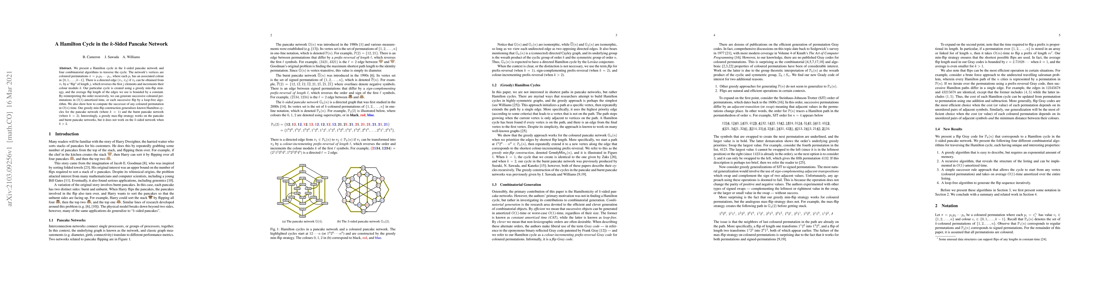 Researchers found a Hamilton cycle in the k-sided pancake network, a graph with vertices representing coloured permutations, using a greedy min-flip strategy. This discovery opens new possibilities for traversing complex networks with efficient algorithms.
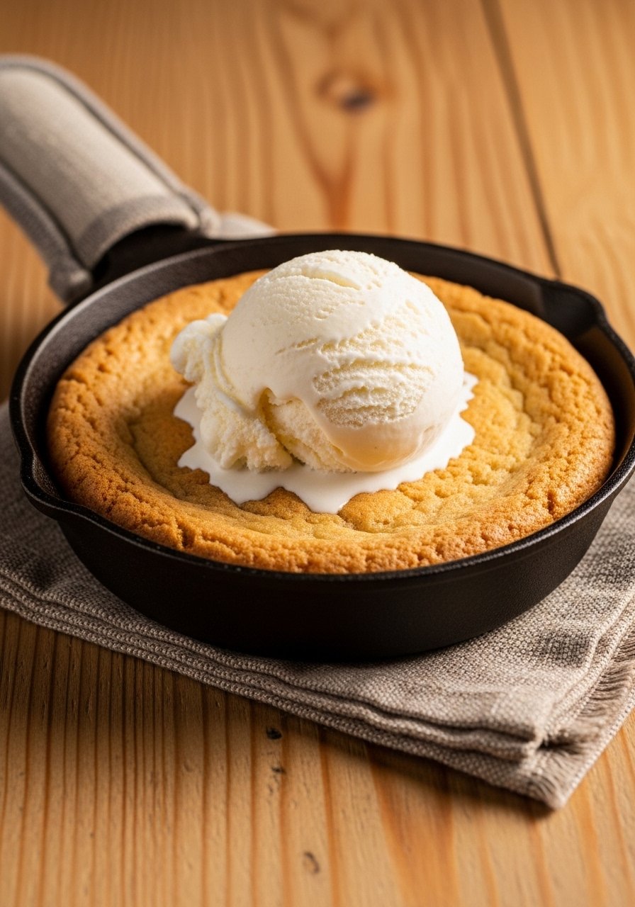This giant, gooey skillet cookie is warm, shareable, and perfect for dessert nights. The edges crisp while the center stays molten—pull out a spoon and dig in. Ideal for date nights or family-style serving.
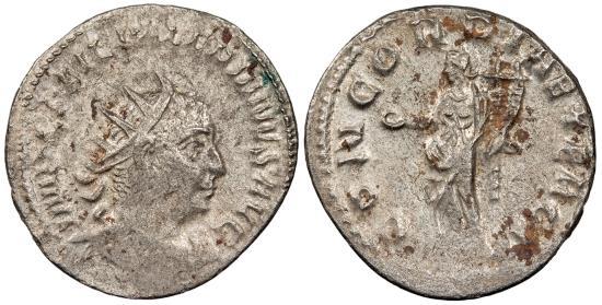Bi Antoninianus 2.99g. 22mm. 254 A.D. Rome or Viminacium Mint Radiate, draped and cuirassed bust, r. IMP C P LIC VALERIANVS AVG Concordia standing l., holding patera and double cornucopiae. CONCORDIA EXERCIT RIC V 81; RSC IV 39 Rare reverse legend variety. Toned and lustrous. Unevenly struck. Porous, as typical. Some rusty adhesions.
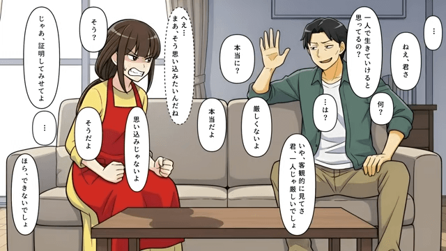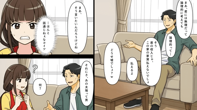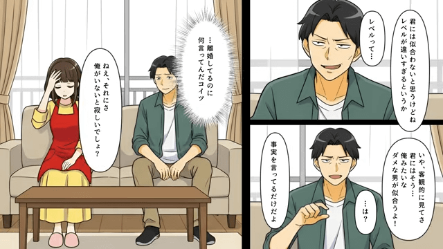 夫は主人公の収入では家賃が払えないはずだと言ってきました。 さらに夫は、主人公には自分のようなダメな男性が似合うと言い始めて…。
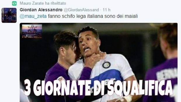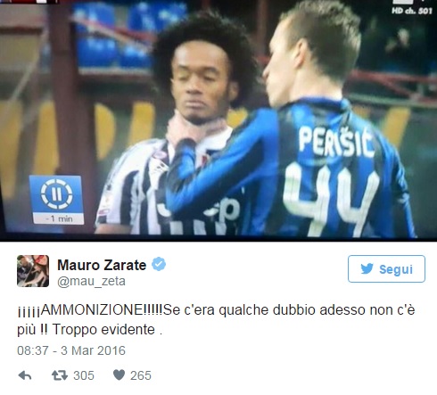 FIRENZE – Mauro Zarate dopo aver visto Perisic mettere le mani al collo di Cuadrado nella semifinale di Coppa Italia Inter-Juventus non ha resistito a dire la sua. “¡¡¡¡¡AMMONIZIONE!!!!! Se c’era qualche dubbio adesso non c’è più !! Troppo evidente” ha scritto su Twitter riferendosi ironicamente all’episodio simile (con Murillo in Fiorentina-Inter) che gli è costato il rosso in campo e 3 giornate di squalifica.
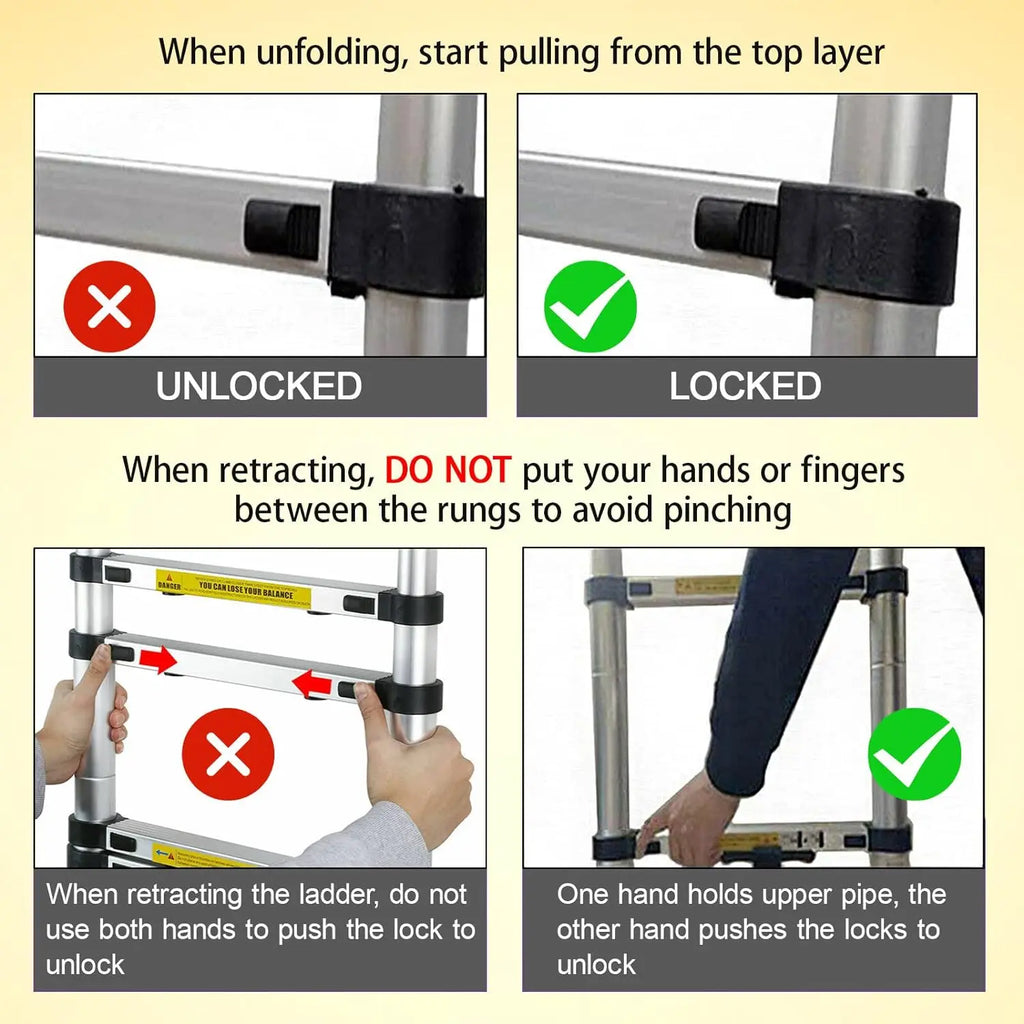 2. DO NOT put your hands or fingers between the rungs when retracting to avoid pinching.
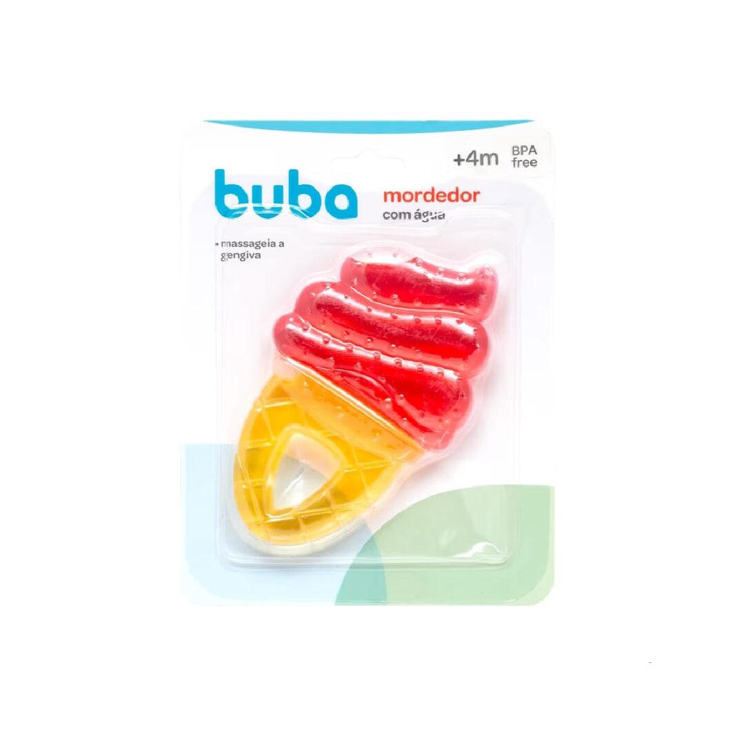O mordedor de água Buba formato sorvete é um brinquedo macio, leve e suguro (livre de BPA) com água purificada dentro, ideal para aliviar o desconforto da dentição a partir dos 4 meses, pois pode ser resfriado na geladeira para um efeito calmante, possui um formato divertido de sorvete, cores vibrantes e texturas que erstimulam o bebê e facilitam o agarre, mas não deve ser fervido, levado ao micro-ondas ou freezer, sendo essencial o uso sob supervição adulta.
#####
What you are asked to do: Pictures in the entries do not go into the copy. Print only the lines starting at the one containing "This giant, gooey" and ending at the one containing "2. DO NOT put", exactly as they appear.

Expected answer:
This giant, gooey skillet cookie is warm, shareable, and perfect for dessert nights. The edges crisp while the center stays molten—pull out a spoon and dig in. Ideal for date nights or family-style serving.
Bi Antoninianus 2.99g. 22mm. 254 A.D. Rome or Viminacium Mint Radiate, draped and cuirassed bust, r. IMP C P LIC VALERIANVS AVG Concordia standing l., holding patera and double cornucopiae. CONCORDIA EXERCIT RIC V 81; RSC IV 39 Rare reverse legend variety. Toned and lustrous. Unevenly struck. Porous, as typical. Some rusty adhesions.
 夫は主人公の収入では家賃が払えないはずだと言ってきました。 さらに夫は、主人公には自分のようなダメな男性が似合うと言い始めて…。
 FIRENZE – Mauro Zarate dopo aver visto Perisic mettere le mani al collo di Cuadrado nella semifinale di Coppa Italia Inter-Juventus non ha resistito a dire la sua. “¡¡¡¡¡AMMONIZIONE!!!!! Se c’era qualche dubbio adesso non c’è più !! Troppo evidente” ha scritto su Twitter riferendosi ironicamente all’episodio simile (con Murillo in Fiorentina-Inter) che gli è costato il rosso in campo e 3 giornate di squalifica.
 2. DO NOT put your hands or fingers between the rungs when retracting to avoid pinching.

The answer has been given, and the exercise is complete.